По злой иронии эта идея действительно оказалась хорошей. Липкое от пота тело осознало, что больше я спать не собираюсь, и облегчённо распустило узел мышц, сведённый вокруг сердца. Больше никаких кошмаров о стенах из плоти, говорящих со мной, – по крайней мере, на ближайшие восемнадцать часов. Спасительный крик будильника прогнал вымышленных чудовищ, а единственный голос из стены, которому тут позволено существовать, – это голос Бомануара, моего робо-консьержа.

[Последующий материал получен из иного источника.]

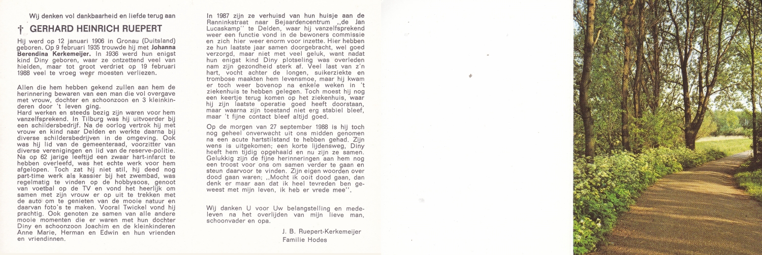 ROUWERS, Willem Bernardus, geboren op 2-10-1917 te Denekamp, overleden op 23-7-1997 te Lonneker op 79-jarige leeftijd.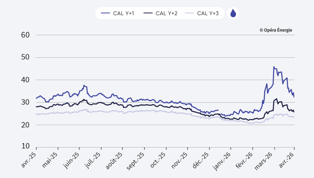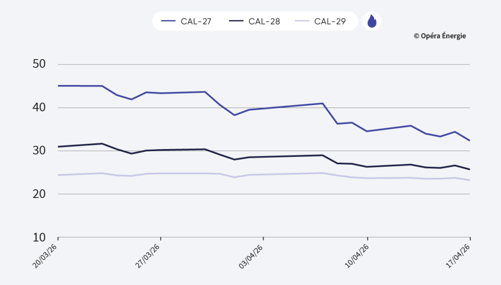 Les prix se replient, dans le sillage de l’accalmie observée sur les marchés du gaz et du pétrole. Le baseload CAL27 français s’inscrit ainsi dans une correction baissière, revenant sur des niveaux proches de l’avant-crise. Sur le plan structurel, les tensions récentes au Moyen-Orient ont relancé le débat sur l’électrification, avec des ambitions renforcées en France : jusqu’à 10 Md€ d’investissements annuels d’ici 2030 et une réduction attendue de 85 TWh des importations de gaz. Cette dynamique vise à stimuler la demande électrique dans un contexte de souveraineté énergétique accrue. Enfin, EDF confirme une production nucléaire attendue entre 315 et 345 TWh cette année, confortant les perspectives d’offre.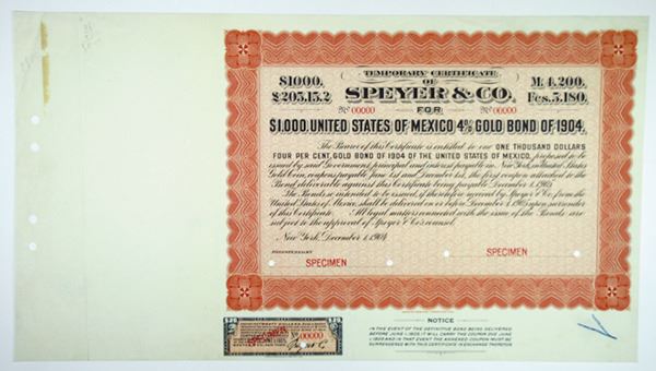 Mexico... Specimen Temporary Certificate of Speyer & Co. for $1000 United States of Mexico 4% Gold Bond, black print on orange border and under tint, large margin to the left, one $20 coupon attached at bottom, Specimen overprints and POC's, VF-XF condition, ABNC.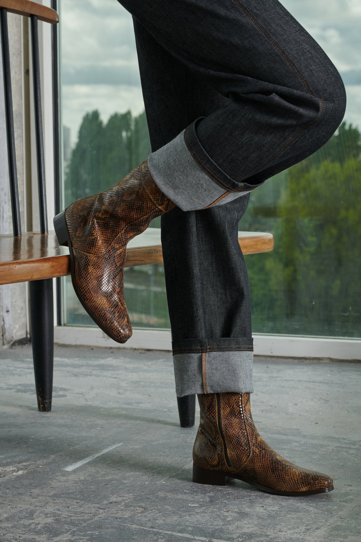 Python-style leather boots python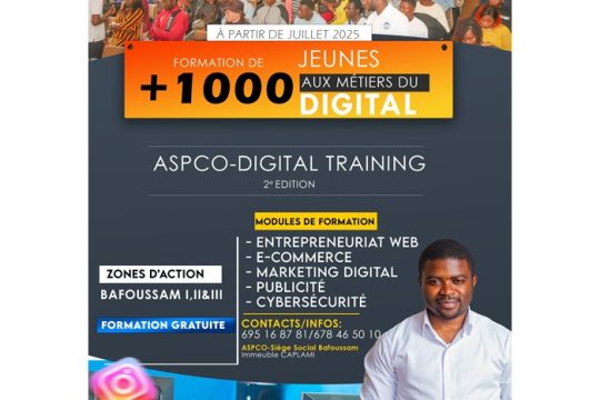 L’association ASPCO lance, à partir de juillet 2025, la 2ᵉ édition du programme ASPCO-DIGITAL-TRAINING, une initiative portée par Orlus Fosso et son équipe de jeunes dynamiques, animés par un objectif...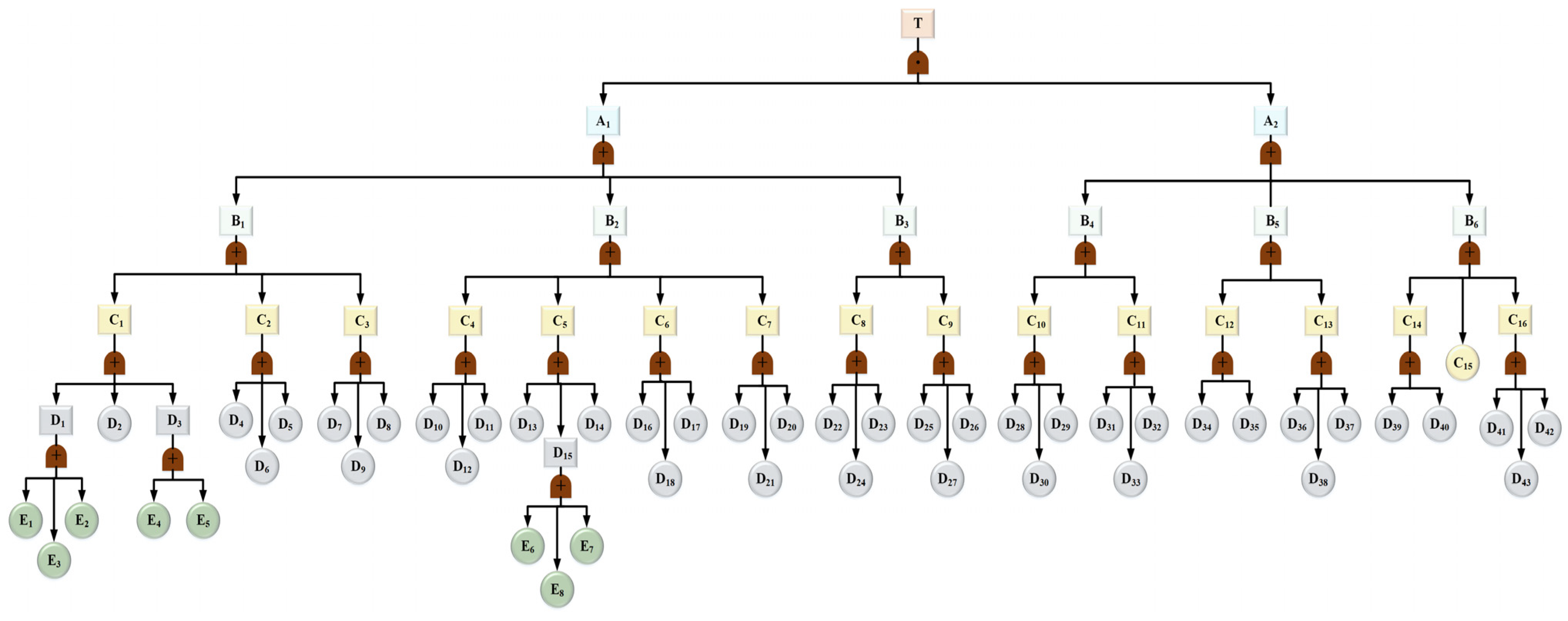 The FT was a system reliability and risk analysis method grounded in deductive reasoning. By establishing logical causal relationships, it retroactively traced all potential contributing events from the “top event”—the incident that could lead to system failure. This model was widely employed in risk early warning and mitigation across diverse industries. Its core components fell into four categories: top events, intermediate events, basic events, and logic gates.

– Зафиксировано окончание мелатонинового пика в циркадном цикле. Увеличиваю интенсивность сине-зелёного освещения.
Его привычно вежливые слова сегодня казались оскорбительно равнодушными. И злонамеренно громкими.
Рано или поздно придётся открыть глаза. Чем раньше начнёшь день, тем раньше его закончишь.
Всё тот же серый потолок – решётка вентиляции вносит приятное разнообразие. Всё те же светло-зелёные стены. Я не могу дотянуться рукой до противоположной стены – непозволительная роскошь для гражданина, едва получившего взрослое имя. Наверняка сестра подсуетилась.
Всё тот же круглый проём окна. Зрачок огромного глаза, жерло гигантской пушки, горловина сосуда, в котором меня заточили.
Да я сам живу в бутылке. А ещё на сестру ругаюсь.
– Доброе утро, господин Кавиани.
– Доброе ут… Чёрт, опять я с тобой разговариваю.
Робо-консьержа трудно назвать бесплотным, но голос, доносящийся сразу отовсюду и, в то же время, ниоткуда, создавал ощущение неосязаемой призрачности. Да, где-то под панелями стен спрятаны колонки, микрофоны и датчики – бесчисленные уши и рты Священного Сервера, распределённые по всему Городу, чтобы каждый гражданин мог поговорить со своим личным, созданным специально для него, помощником. Но можно ли считать реальной простую марионетку Машин?
С другой стороны, сомневаясь в реальности Бомануара, я сомневаюсь в реальности самих Машин.
За такую ересь на меня даже мешок надевать не будут – вырежут из Города и уволокут вместе с осквернённой комнатой-бутылкой, как выкусывают острогубцами из платы сгоревшую деталь.
В конце концов, разговаривать с Машинами не запрещено. Молитва – это тоже разговор. Я абсолютно нормален.
– За время вашей неактивности получено три сообщения, – негромко проговорил Бомануар. Как будто подслушал мои мысли – или наконец-то уловил остатки вчерашнего этанола в крови.
– Что ж ты молчал? Давай их сюда скорей!
Реклама, проповеди, уведомления домоуправления – что угодно, чтобы заглушить поток дурных и опасных мыслей.
– Письмо от Старшего Исправителя Нойбурга, – консьерж словно выкрутил ручку регулятора занудности на максимум.
– О нет.
– Сегодняшнее чтение по случаю пятнадцатой рядовой шестерицы посвящено посланию Архистратига Михаила к воинствам Безопасности.
– Ох, только не Архистратиг.
– Негативная реакция на чтения будет записана и передана Старшему Исправителю.